The company registration for Nadao Bangkok had its name changed to Tada Entertainment Co., Ltd. on 29 September 2022. On 1 February 2023, Songyos announced the company's relaunch in the idol artist management business, together with subsidiary labels ILY LAB and SONRAY MUSIC, which would cover female and male artists, respectively. The company also introduced MXFRUIT, a five-member female group, and 789 Survival, a reality music competition "survival" show, which would determine the line-up of its first male group.

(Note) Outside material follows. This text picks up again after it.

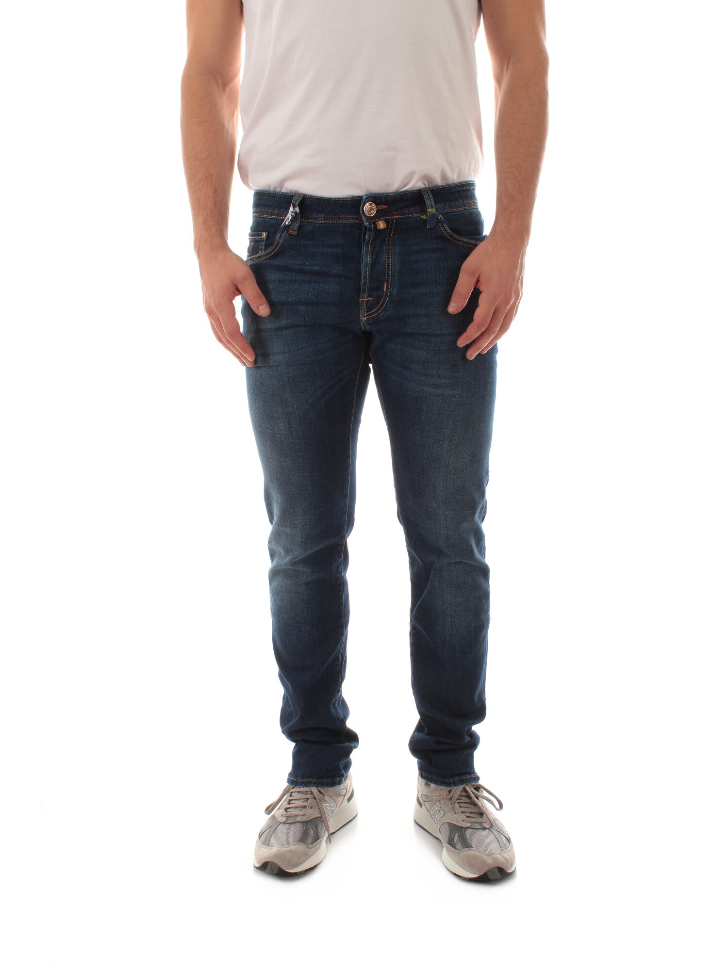 Jeans Nick super slim fit, modello 5 tasche con logo ricamato sul taschino. Vita bassa. Salpa in cavallino con logo laserato. Chiusura con bottoni. Include foulard con stampa di collezione. Profumati con l'esclusiva fragranza Jacob Cohën. Altezza modello: 185 cm. Taglia indossata: 33. 92% Cotone, 8% Elastan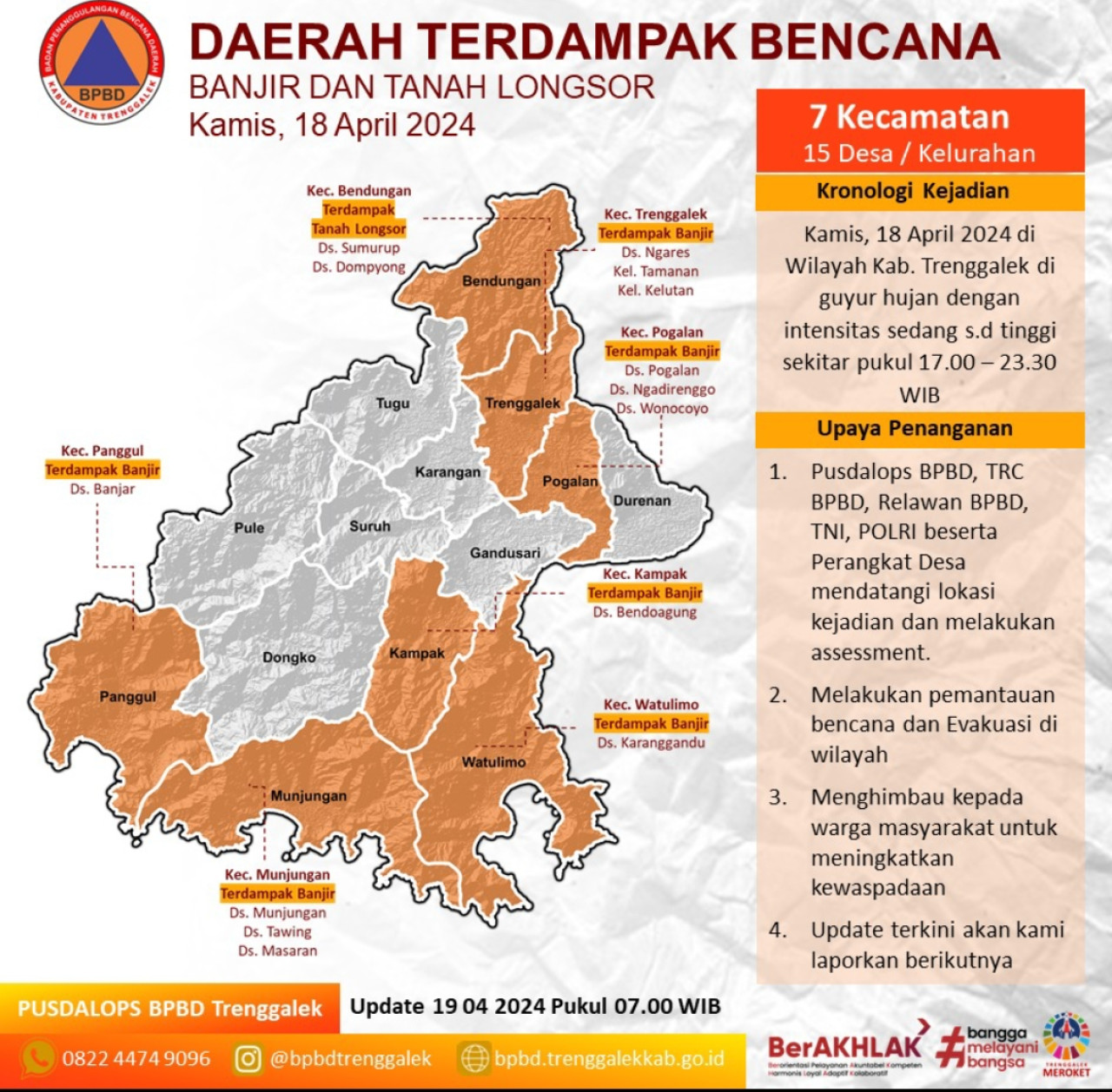 Peristiwa Jumat, 19 Apr 2024 08:33 WIBjatimnow.com - Intensitas hujan tinggi yang terjadi kemarin sore menyebabkan bencana banjir dan tanah longsor di 7 wilayah Kabupaten Trenggalek. Berdasarkan pantauan Badan Penanggulangan Bencana Daerah (BPBD) setempat, banjir dan tanah longsor terjadi di 15 desa di 7 kecamatan.

789 Survival was broadcast on One 31 from 26 May to 11 August 2023. It featured twenty-four contestants, with the twelve finalists forming the group BUS because of you i shine. Ten of the other contestants were later formed into the group DICE.

==Artists==
===MXFRUIT===
MXFRUIT was a female group with five members: Michaela Olivia Baker (Miquella), Prava Rattana (Oppapech), Skawduan Simons (Skawduan), Yatichapat Hanbenjapong (Knomjean) and Rochelle Labreze (Rochelle). They debuted on 8 March 2023 with the single "Strawberry Ice Cream". MXFRUIT disbanded on 31 December 2025

===BUS===

BUS because of you i shine is a male group with twelve members, formed from the finalists of 789 Survival. They are: Pasawee Sriarunotai (Alan), Kris Kanchanatip (Marckris), Pongpol Panyamit (Khunpol), Chuthiwat Jankane (Heart), Jinwook Kim (Jinwook), Chayanon Phakthin (Thai), Nattakit Chaemdara (Nex), Tatchai Limpanyakul (Phutatchai), Dechawat Pondechaphiphat (Copper), Ashirakorn Suvitayasatian (AA), T Boonsermsuwong (Jungt), and Wasupon Pornpananurak (Peemwasu). They debuted with the eponymous single "Because of You, I Shine" on 6 December 2023.

===DICE===
DICE is a male group with ten members, formed from the remaining contestants of 789 Survival. They are: Thanakrit Yingwattanakul (Min), Alexander Buckland (Alex), Kansopon Wirunnithiphon (Jay), Wachirakon Raksasuwan (Apo), Akira Kim (Jisang), Aphinat Piamkunvanich (Obo), Chayapol Khieoiem (Cheese), Maddoc Rees Davies (Maddoc), Sippavitch Pongwachirint (Otto), and Tannanat Sittipankul (Frame). They debuted on 19 March 2024 with the single "Mona Lisa".